Horse Diplomacy

Given her enthusiasm for all things English, it is not surprising that it was Catherine the Great who introduced Horse Racing in the English Style to Russia in the 1780’s, and it was only a matter of time before the sport became a vehicle for diplomatic exchange.

On at least two occasions in the 19th Century members of the Russian Royal Family, having enjoyed visits to English race courses,  donated prize money as a gesture of goodwill.  Both gifts have connections with races that still run today.
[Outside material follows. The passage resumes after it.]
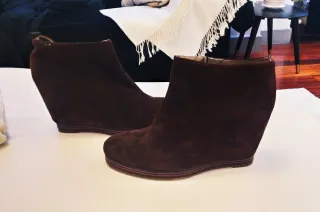 Botines de ante con cuña en color marrón. Un calzado elegante y cómodo. - Material: Ante - Diseño: Cuña - Color: Marrón

In 1839, following a particularly uncomfortable period in Anglo/Russian diplomatic relations, Nicholas 1st wishing to improve matters sent his son, the ill-fated future Alexander 2nd, on a state visit to England.  Despite initial misgivings the visit proved to be a success.  Victoria expressed herself to be ‘delighted’ with her visitor, who taught her to dance the Mazurka at Windsor Castle. Palmerston took the Grand Duke to Newmarket Races, where he made a donation to the Jockey Club.  It was decided that an annual race should be  named after him and the Cesarevich, as it is called, continues to be run at the course every October.

A less happy visit by a Russian royal took place in 1844 when the Emperor himself, Nicholas 1st, came to England.  Nicholas was a much more demanding guest, and his visit, while later considered an overall success, was more awkward.  Like his son, the Emperor was also taken to the races, this time to Ascot. Here he announced that he would provide an annual race prize of 500 guineas for as long as he reigned.  The new trophy was called The Emperor’s Plate, which also became the name of the race, although, unsurprisingly, during the Crimean War, the event reverted to being called the Gold Cup.

Gifts of racehorses for diplomatic reasons probably go back to Catherine’s time, and the practice persisted during the Soviet Era.  Simon Dixon, in his article about trends in horseracing in the 19th Century (Slavonic and Eastern European Review 2020), describes how in 1946 Stalin presented two Russian  thoroughbreds to W. Averell Harriman, the departing American Ambassador. Harriman had admired the animals in Red Square where they were taking part in a victory parade. The Russian leader sent the horses to America along with a Russian vet, a jockey and two grooms.  History does not seem to relate if the humans involved ever returned to Russia.